3. The Clovis and Hobbs PMI transactions in New Mexico, which Harder describes as the offenses of conviction, are only a small subset of Harder's overall scheme to defraud investors.

4. Harder's sale of TIC senior housing facility investments, sale of TIC senior housing development investments ("dirt" or "bare land" TIC deals), and sale of PMI investments (in addition to Clovis and Hobbs) are all part of the same "course of conduct" and "common scheme or plan" as the offenses of conviction, based on the fact that they all share the same modus operandi and the same purpose and are all sufficiently connected or related to each other as to warrant the conclusion that they are part of a single ongoing series of offenses. Specifically, they all entail obtaining investors' funds in Sunwest-affilated senior housing facilities or development projects through the same material misrepresentations, misleading half-truths, and omissions, all with the intention and knowing effect of depriving the victims of that fraud of the opportunity to weigh the true benefits and risks of their investment transactions.

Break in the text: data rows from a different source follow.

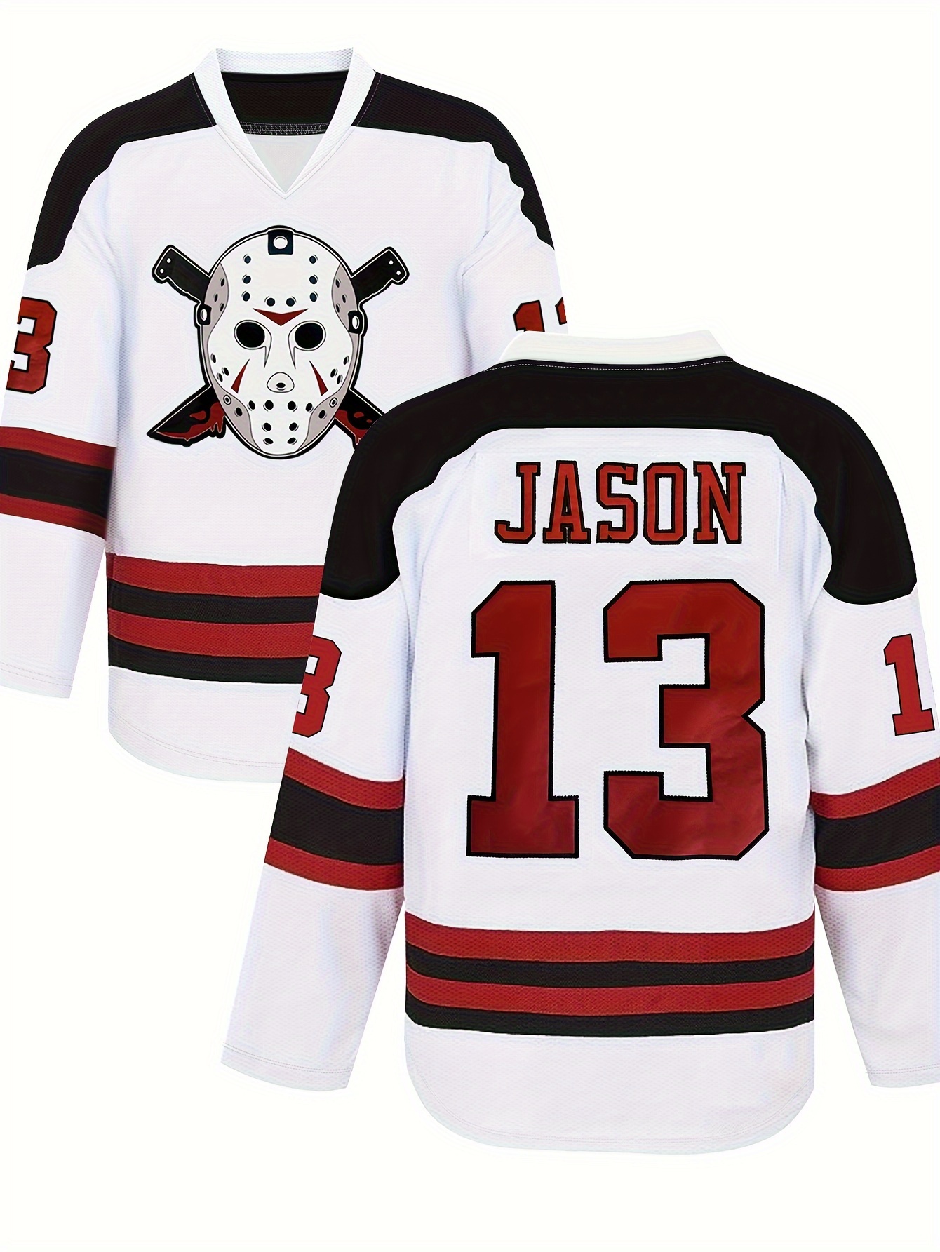Men's white # 13 ice hockey sports shirt, loose embroidered long sleeves, sporty and fashionable casual, street breathable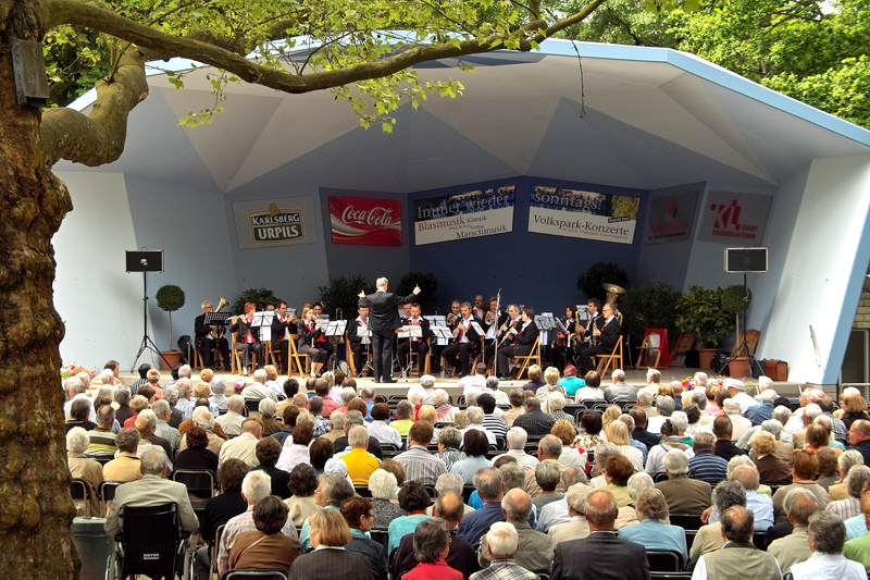 Am 20. Mai beginnt mit dem Auftaktkonzert des Musikvereins Gräfenstein die beliebte Volksparkkonzert-Reihe. Bis einschließlich 09. September finden wieder insgesamt neun Konzerte mit verschiedenen hochkarätigen Musikkapellen im blauen Musikpavillon statt. Der Eintritt ist frei, Beginn ist jeweils um 11 Uhr, die Dauer jeweils rund zwei Stunden. Für die kleinen Gäste gibt es in unmittelbarer Nähe zum Musikpavillon einen Erlebnisspielplatz.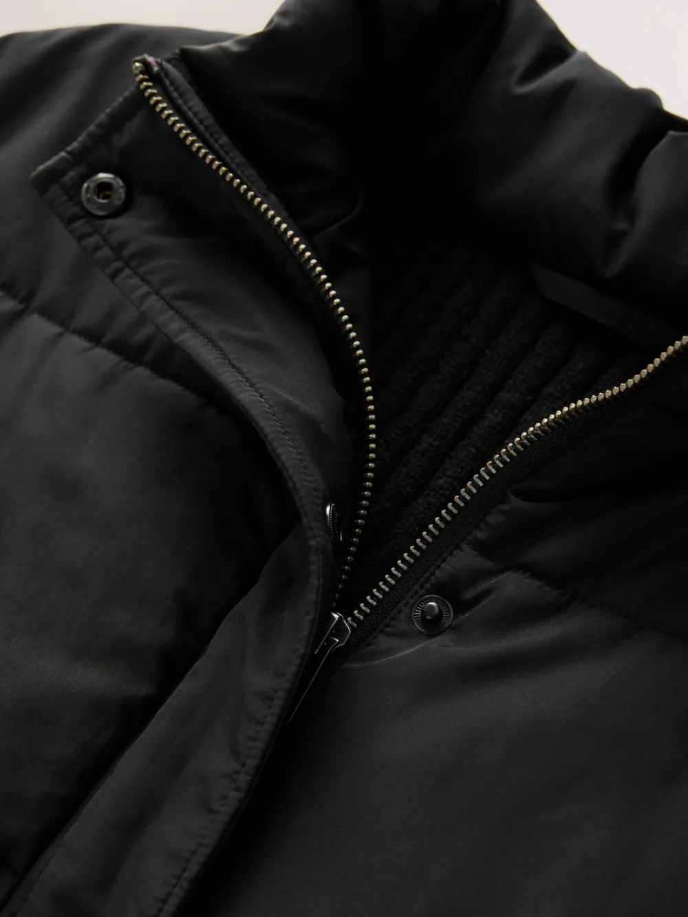 Layer up easily with this essential black padded gilet. The sleeveless design and puffer styling offer core warmth without bulk, while the high funnel neck adds extra cosiness. Perfect for effortless casual wear and layering over jumpers or hoodies during transitional weather. Padded gilet style Funnel neck Sleeveless design Front fastening Shell 100% Recycled polyester. Knit 67% Acrylic, 28% Recycled polyester, 5% Elastane.

The Court finds that the scope of Defendant's scheme to defraud exceeds the two counts of conviction and that the relevant conduct includes all Sunwest senior housing facility and senior housing development investments sold by Defendant, directly or indirectly by persons acting under his control, supervision, or direction, to investors from January 1, 2006, through July 7, 2008, regardless of the specific form of those investments, whether TIC or PMI. The U.S. Probation Office for the District of Oregon shall prepare a presentence report consistent with these Findings of Fact and Conclusions of Law. As part of that report, the Probation Office shall calculate the offense level under the USSG in two alternative versions. The first version shall be based on the existing - Guidelines, and the second version shall be based on the assumption that the currently proposed Amendments to the Sentencing Guidelines (preliminarily issued on April 9, 2015) will become effective as of November 1, 2015. See USSG § 1B1.11(a) ("The court shall use the Guidelines Manual in effect on the date that the defendant is sentenced."). Pursuant to the parties' plea agreement, Dkt. 109, ¶ 4, Phase II of Defendant's sentencing proceeding will begin on November 16, 2015. Dkt. 107.